AVAILABLE DATA.
■ ■ ■
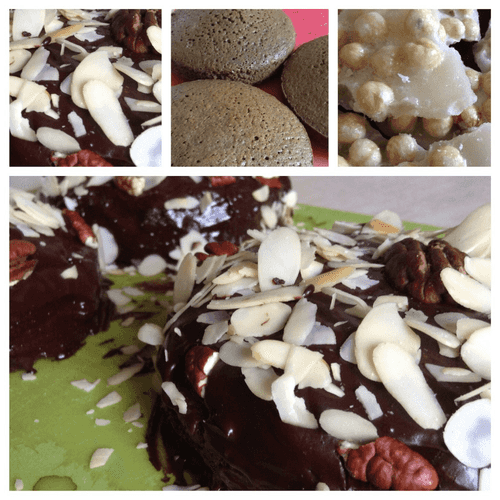 Soak the bottom layer with coffee and liqueur, then spread the cooled praline on top. Repeat with the second layer. Cover with the third layer, coat with glaze, and decorate!
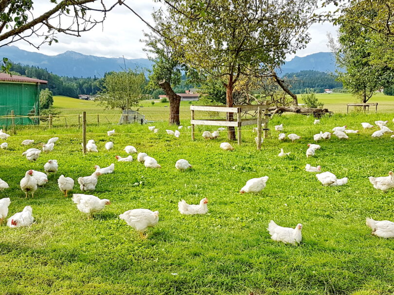 Einer, der solche anbietet, ist der Bauer Thomas Mayer aus Prien-Munzing. Seine Bio-Hendl aber kommen nicht auf Volksfeste, sondern erfreuen in kleinerem Rahmen feste das Volk rund um Munzing im Chiemgau. Bei einem Besuch erläutert uns der Hendl-Vermarkter, warum er angefangen hat und warum seine Hendl nicht nur besser, sondern auch teurer sind. „Angefangen hat es damit, dass ich durch Fernsehen und Literatur von Hendl-Genüssen aus Massentierhaltungen Abstand genommen habe. Und da ich auf dem Hof Platz für einen eigenen Aufwuchs hatte, habe ich mir 30 kleine Gockel besorgt, um sie in natürlicher Umgebung und mit besonders ausgewähltem Futter für den eigenen Jahres-Verbrauch und ohne Verkauf nutzen zu können“. Doch die große eigene Familie und die Verwandtschaft griffen großzügig zu und so blieben dem Bauern selbst nur vier halbe Hendl. Die daraus folgende Entscheidung war, eine neue Aufzucht mit mehr jungen Hähnchen zu starten. Auch da war die Abnahme ohne Werbung schnell geregelt. „Das war dann der Startschuss für den Gedanken, das Ganze in ein Geschäftsmodell überzuführen“ – was auch schnell und gut gelang.
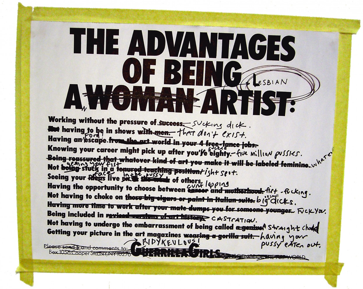 Emblematic of its mission, the cover of the first issue features a photo (part of a larger series by Roysdon) of a masturbating Roysdon wearing a strap-on dildo and a facemask of David Wojnarowic—underlining an affective fag/dyke connection. This gesture across gender and generation provocatively suggests that LTTR’s inevitable engagements with the past are hardly straightforward, and can be irreverent, joyfully perverted, or achingly intense. The group has numerous queer art/activist precedents, including the AIDS/HIV graphics-making collective Gran Fury, as well as feminist legacies such as the West-East Bag (conceived by Judy Chicago, Lucy Lippard, and Miriam Schapiro in 1971 as “an international information liaison network of women artists”) and Heresies (formed in 1976 as an independent feminist, art, and politics publication). In fact, LTTR often explicitly references previous feminist practice, as in the title of the journal’s fourth issue: “Do you wish to direct me?,” a provocative question appropriated from Lynda Benglis’s pioneering video Now (1973). Benglis, in an autoerotic meditation on the possibilities of the then-emerging video technology, asks this query to her own on-screen image. LTTR answers her question, dialogically, in its editorial statement, noting that “sometimes when you call, what you get back is both an echo and a response,” and the playful commands hinted at by Benglis are taken up by the works in the issue itself, such as Liz Collins’s red knit glove that directs the hand into unexpected configurations. But with its “genderqueer” focus—instead of calling itself a strictly lesbian project, LTTR instead invokes another kind of queer/trans sociality—LTTR has an identity-defying attitude that is markedly different from separatist moments in radical feminist art production. For example, consider the Lesbian Art Project, formed in Los Angeles in 1977 by Terry Wolverton, Arlene Raven, and others. That group similarly curated exhibitions, made small publications, and programmed events, but defined itself as exclusively by and for lesbians.
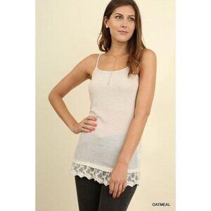 • Oatmeal Color/Ribbed Knit Construction/Adjustable Spaghetti Straps/Lace Trim Bottom Detail
■ ■ ■
Everything in the data above should be set down again exactly, except the pictures.

OUTPUT OF THE TASK.
 Soak the bottom layer with coffee and liqueur, then spread the cooled praline on top. Repeat with the second layer. Cover with the third layer, coat with glaze, and decorate!
 Einer, der solche anbietet, ist der Bauer Thomas Mayer aus Prien-Munzing. Seine Bio-Hendl aber kommen nicht auf Volksfeste, sondern erfreuen in kleinerem Rahmen feste das Volk rund um Munzing im Chiemgau. Bei einem Besuch erläutert uns der Hendl-Vermarkter, warum er angefangen hat und warum seine Hendl nicht nur besser, sondern auch teurer sind. „Angefangen hat es damit, dass ich durch Fernsehen und Literatur von Hendl-Genüssen aus Massentierhaltungen Abstand genommen habe. Und da ich auf dem Hof Platz für einen eigenen Aufwuchs hatte, habe ich mir 30 kleine Gockel besorgt, um sie in natürlicher Umgebung und mit besonders ausgewähltem Futter für den eigenen Jahres-Verbrauch und ohne Verkauf nutzen zu können“. Doch die große eigene Familie und die Verwandtschaft griffen großzügig zu und so blieben dem Bauern selbst nur vier halbe Hendl. Die daraus folgende Entscheidung war, eine neue Aufzucht mit mehr jungen Hähnchen zu starten. Auch da war die Abnahme ohne Werbung schnell geregelt. „Das war dann der Startschuss für den Gedanken, das Ganze in ein Geschäftsmodell überzuführen“ – was auch schnell und gut gelang.
 Emblematic of its mission, the cover of the first issue features a photo (part of a larger series by Roysdon) of a masturbating Roysdon wearing a strap-on dildo and a facemask of David Wojnarowic—underlining an affective fag/dyke connection. This gesture across gender and generation provocatively suggests that LTTR’s inevitable engagements with the past are hardly straightforward, and can be irreverent, joyfully perverted, or achingly intense. The group has numerous queer art/activist precedents, including the AIDS/HIV graphics-making collective Gran Fury, as well as feminist legacies such as the West-East Bag (conceived by Judy Chicago, Lucy Lippard, and Miriam Schapiro in 1971 as “an international information liaison network of women artists”) and Heresies (formed in 1976 as an independent feminist, art, and politics publication). In fact, LTTR often explicitly references previous feminist practice, as in the title of the journal’s fourth issue: “Do you wish to direct me?,” a provocative question appropriated from Lynda Benglis’s pioneering video Now (1973). Benglis, in an autoerotic meditation on the possibilities of the then-emerging video technology, asks this query to her own on-screen image. LTTR answers her question, dialogically, in its editorial statement, noting that “sometimes when you call, what you get back is both an echo and a response,” and the playful commands hinted at by Benglis are taken up by the works in the issue itself, such as Liz Collins’s red knit glove that directs the hand into unexpected configurations. But with its “genderqueer” focus—instead of calling itself a strictly lesbian project, LTTR instead invokes another kind of queer/trans sociality—LTTR has an identity-defying attitude that is markedly different from separatist moments in radical feminist art production. For example, consider the Lesbian Art Project, formed in Los Angeles in 1977 by Terry Wolverton, Arlene Raven, and others. That group similarly curated exhibitions, made small publications, and programmed events, but defined itself as exclusively by and for lesbians.
 • Oatmeal Color/Ribbed Knit Construction/Adjustable Spaghetti Straps/Lace Trim Bottom Detail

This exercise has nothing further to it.